By The New Diplomat Political Desk

The House of Representatives has commenced investigations into the face-off between the Nigerian Midstream and Downstream Petroleum Regulatory Authority (NMDPRA) and the Dangote Refinery owned by Africa’s richest man, Aliko Dangote.

A joint petroleum committee on the Midstream and Downstream sectors have been saddled with the task of looking into the allegations and counter-allegations exchanges between Dangote and the Chief executive Officer of the NMDPRA, Farouk Ahmed.

The Joint Investigative Committee is chaired by Hon. Ikenga Imo Ugochinyere (Downstream) with support from Hon. Henry Okojie (Midstream). The committee held its inaugural meeting on Monday and was declared open by the Deputy Speaker Rt. Hon.

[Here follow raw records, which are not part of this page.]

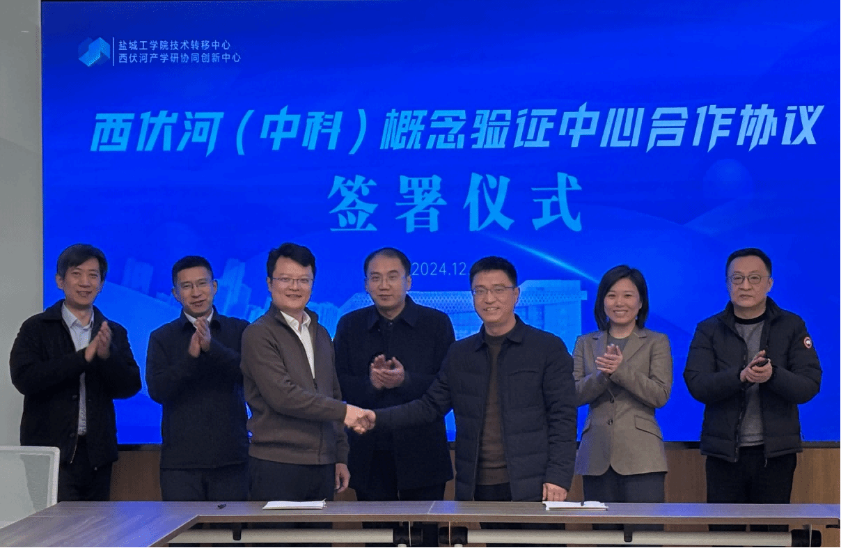 12月15日下午,西伏河(中科)概念验证中心合作协议签署仪式在我校产教融合大楼会议室举行。副校长、盐城市政协副主席丁成主持会议。中国科学院科技创新发展中心党委委员、所务委员兼科技合作处处长初玉、科技合作处副处长张微微,中科智汇工场总经理柳海永、副总经理李华兴,盐龙湖校区管委会、大学科技园、技术转移中心副主任(主持工作)赵云峰等参加会议。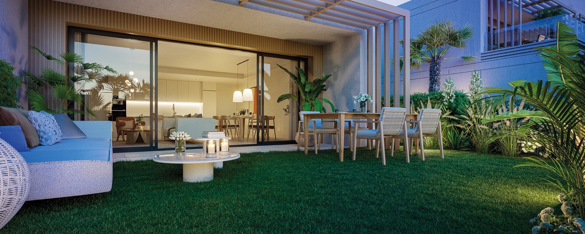 Each of the 80 homes seeks to provide a perfect blend of design and comfort. Communal areas and spacious home interiors have been designed to make the most of ample natural light, and to offer an exceptionally attractive product that is hard to match. We want it to become your special place in the world. Spacious living areas have been designed with great attention to detail. Picture windows, large-format porcelain floor tiles and the orientation of the house allow for maximum use of natural light at any time of day. Not to mention magnificent terraces where you can enjoy stunning sunsets. Kitchens have been designed as an integral part of the living area to create a bright and spacious living space for all-day use. Specifications reflect the quality you would expect from such a high-quality project, with quartz countertops, fitted appliances and integrated LED lights to provide warmth and sophistication. In the bathrooms the elegance of large-format porcelain tiles reflects our overall commitment to quality and design. All this while never losing sight of functionality, low energy consumption and specifications that meet the criteria that are an integral part of this development: sustainability, practicality and comfort.
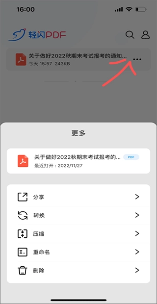 点击界面上的三点图标,就能对文件执行压缩、分享、格式转换等多种操作。

Benjamin Okezie Kalu.

In his address, Kalu urged his colleagues as well as all stakeholders to provide comprehensive support, including essential information and documentation to help advance the committee’s work.

The Deputy Speaker also charged the committee to uphold the esteemed principles of transparency, fairness, justice, and professionalism in carrying out its responsibilities.

In his response, the Chairman of the joint Committee, Ugochinyere outlined how the investigation will proceed in phases, starting with the investigation of allegations of local production and importation of substandard petroleum products, as well as critical issues of crude oil non-availability to refineries and the circumstances surrounding it.

He also explained that the committee has identified 30 key items for investigation as directed by the House but would initially focus on two primary concerns.

He said: “To ensure a thorough examination, the committee plans to: Conduct laboratory investigations at all local refineries, marketer and importer facilities, and regulatory agency labs such as the Nigerian Midstream and Downstream Petroleum Regulatory Authority (NMDPRA), Visit various filling stations of different marketers, importers’ depots, and other relevant sites to collect samples for analysis.

“These samples will be examined in their labs, and also in alternative private independent labs to ascertain sulfur levels and other critical components.

“The committee will hire an internationally certified lab and where possible conduct live testing of all imported and locally produced products to help resolve the issues. The results of such testing on all imported and produced petroleum products will be announced publicly.

“The committee affirmed that apart from finding a final solution to the alleged embarrassing issue of non-availability of crude supply to domestic refiners both modular and big refiners, the findings will stretch to crude produced and the quantity that ought to go to local refiners and the reasons for falling short, the impact of crude forward sales on availability of crude to domestic refiners and other issues.”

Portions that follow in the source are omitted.